- REQUIRED WORK
Starting at the first line of the records and stopping at the line that contains "중국 정부의 정책 발표는", transcribe every line exactly and leave out the pictures.

- EXTRACTED INFORMATION
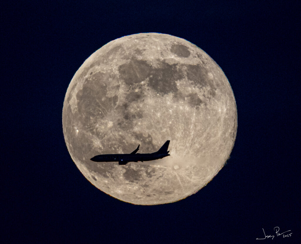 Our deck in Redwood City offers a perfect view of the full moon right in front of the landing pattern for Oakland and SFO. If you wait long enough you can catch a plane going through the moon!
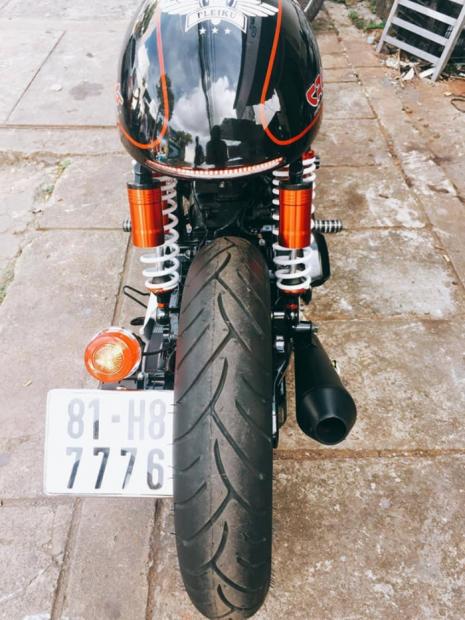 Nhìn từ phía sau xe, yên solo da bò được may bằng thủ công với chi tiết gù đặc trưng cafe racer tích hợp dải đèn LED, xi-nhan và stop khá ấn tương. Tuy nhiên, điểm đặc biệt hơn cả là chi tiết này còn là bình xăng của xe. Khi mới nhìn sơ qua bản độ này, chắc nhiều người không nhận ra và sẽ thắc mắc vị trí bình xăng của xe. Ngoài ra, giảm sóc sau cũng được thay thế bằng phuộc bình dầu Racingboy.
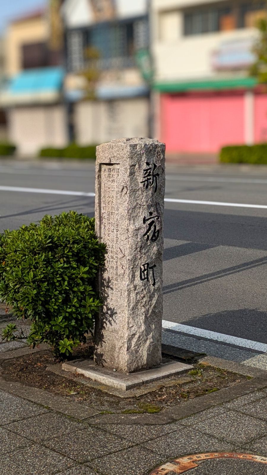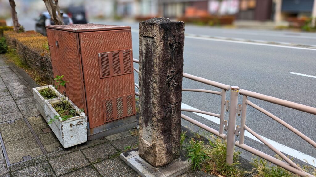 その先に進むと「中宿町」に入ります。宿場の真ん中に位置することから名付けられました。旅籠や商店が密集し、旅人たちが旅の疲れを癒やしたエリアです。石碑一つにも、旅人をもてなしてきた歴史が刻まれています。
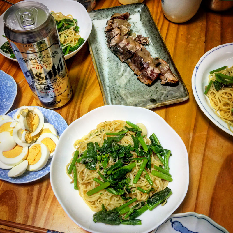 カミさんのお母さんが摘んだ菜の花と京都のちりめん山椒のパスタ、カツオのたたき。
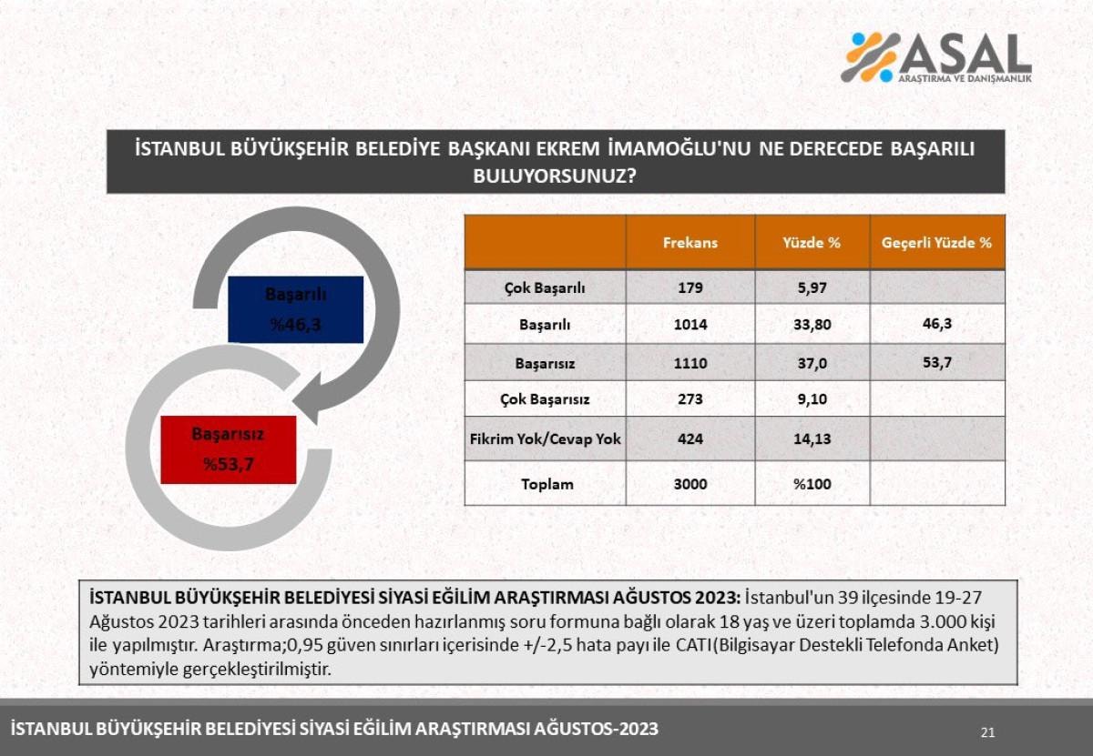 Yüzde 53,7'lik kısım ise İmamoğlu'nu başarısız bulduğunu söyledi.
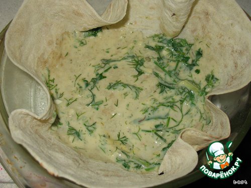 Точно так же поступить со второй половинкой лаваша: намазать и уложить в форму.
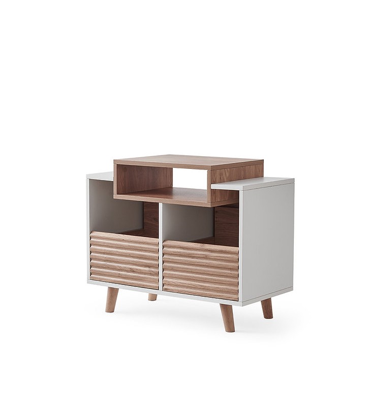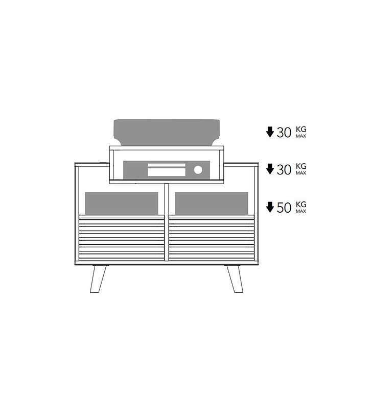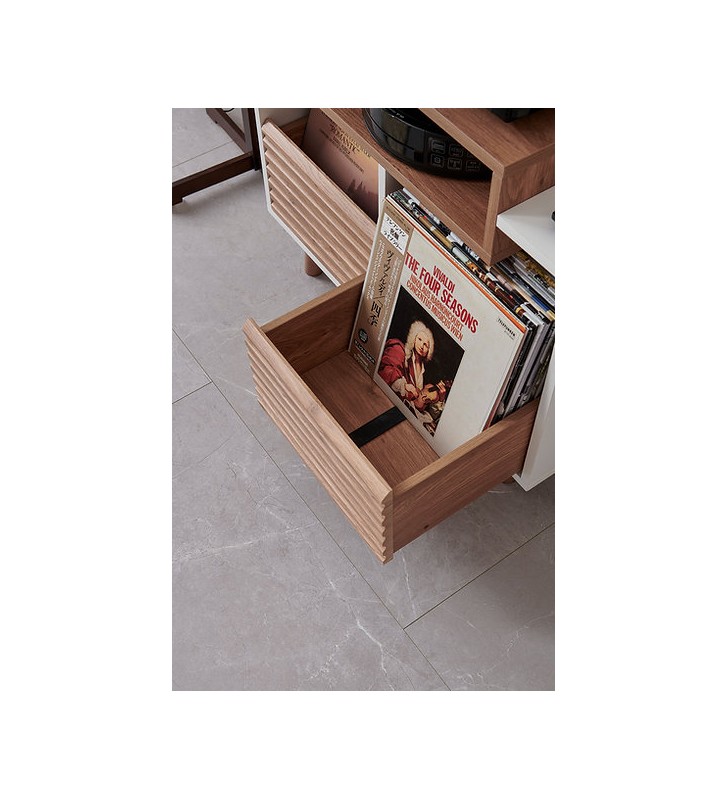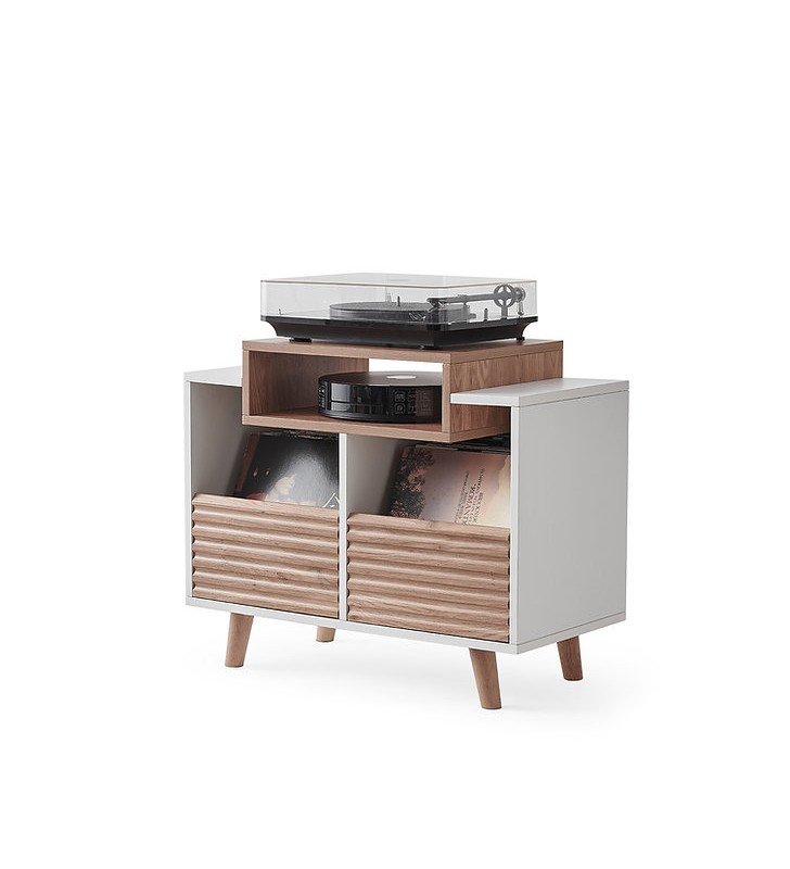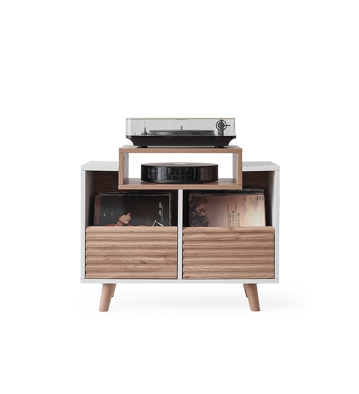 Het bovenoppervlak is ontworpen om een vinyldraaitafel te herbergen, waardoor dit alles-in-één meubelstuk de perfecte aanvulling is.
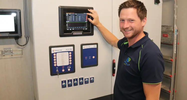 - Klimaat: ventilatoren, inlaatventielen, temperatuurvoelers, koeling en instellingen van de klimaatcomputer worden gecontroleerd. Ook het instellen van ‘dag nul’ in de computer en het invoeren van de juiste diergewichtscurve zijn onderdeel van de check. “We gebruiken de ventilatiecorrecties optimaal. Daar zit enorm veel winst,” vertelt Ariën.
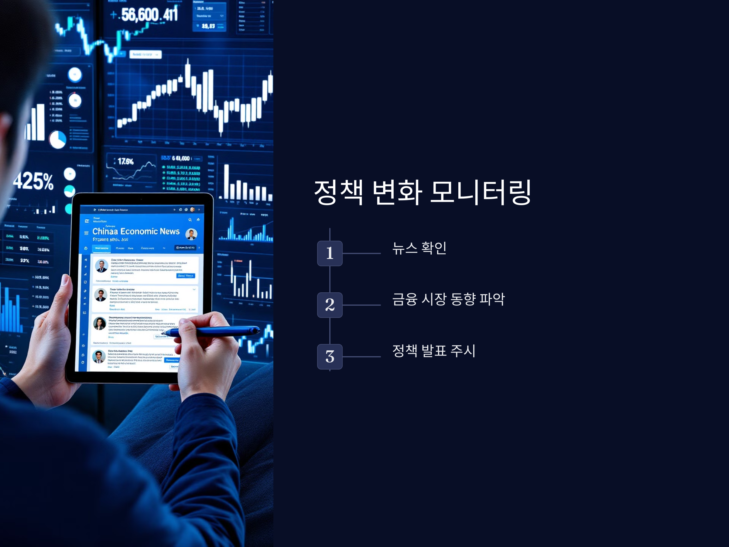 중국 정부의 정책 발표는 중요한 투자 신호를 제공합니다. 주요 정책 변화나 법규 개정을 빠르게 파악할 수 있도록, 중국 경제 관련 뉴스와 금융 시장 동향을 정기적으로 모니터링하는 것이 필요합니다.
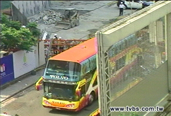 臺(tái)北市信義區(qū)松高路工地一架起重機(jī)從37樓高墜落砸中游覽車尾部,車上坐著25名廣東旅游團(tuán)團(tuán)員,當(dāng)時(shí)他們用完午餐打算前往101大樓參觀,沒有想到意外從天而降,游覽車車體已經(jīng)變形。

- PROBLEM SOLUTION
 Our deck in Redwood City offers a perfect view of the full moon right in front of the landing pattern for Oakland and SFO. If you wait long enough you can catch a plane going through the moon!
 Nhìn từ phía sau xe, yên solo da bò được may bằng thủ công với chi tiết gù đặc trưng cafe racer tích hợp dải đèn LED, xi-nhan và stop khá ấn tương. Tuy nhiên, điểm đặc biệt hơn cả là chi tiết này còn là bình xăng của xe. Khi mới nhìn sơ qua bản độ này, chắc nhiều người không nhận ra và sẽ thắc mắc vị trí bình xăng của xe. Ngoài ra, giảm sóc sau cũng được thay thế bằng phuộc bình dầu Racingboy.
 その先に進むと「中宿町」に入ります。宿場の真ん中に位置することから名付けられました。旅籠や商店が密集し、旅人たちが旅の疲れを癒やしたエリアです。石碑一つにも、旅人をもてなしてきた歴史が刻まれています。
 カミさんのお母さんが摘んだ菜の花と京都のちりめん山椒のパスタ、カツオのたたき。
 Yüzde 53,7'lik kısım ise İmamoğlu'nu başarısız bulduğunu söyledi.
 Точно так же поступить со второй половинкой лаваша: намазать и уложить в форму.
 Het bovenoppervlak is ontworpen om een vinyldraaitafel te herbergen, waardoor dit alles-in-één meubelstuk de perfecte aanvulling is.
 - Klimaat: ventilatoren, inlaatventielen, temperatuurvoelers, koeling en instellingen van de klimaatcomputer worden gecontroleerd. Ook het instellen van ‘dag nul’ in de computer en het invoeren van de juiste diergewichtscurve zijn onderdeel van de check. “We gebruiken de ventilatiecorrecties optimaal. Daar zit enorm veel winst,” vertelt Ariën.
 중국 정부의 정책 발표는 중요한 투자 신호를 제공합니다. 주요 정책 변화나 법규 개정을 빠르게 파악할 수 있도록, 중국 경제 관련 뉴스와 금융 시장 동향을 정기적으로 모니터링하는 것이 필요합니다.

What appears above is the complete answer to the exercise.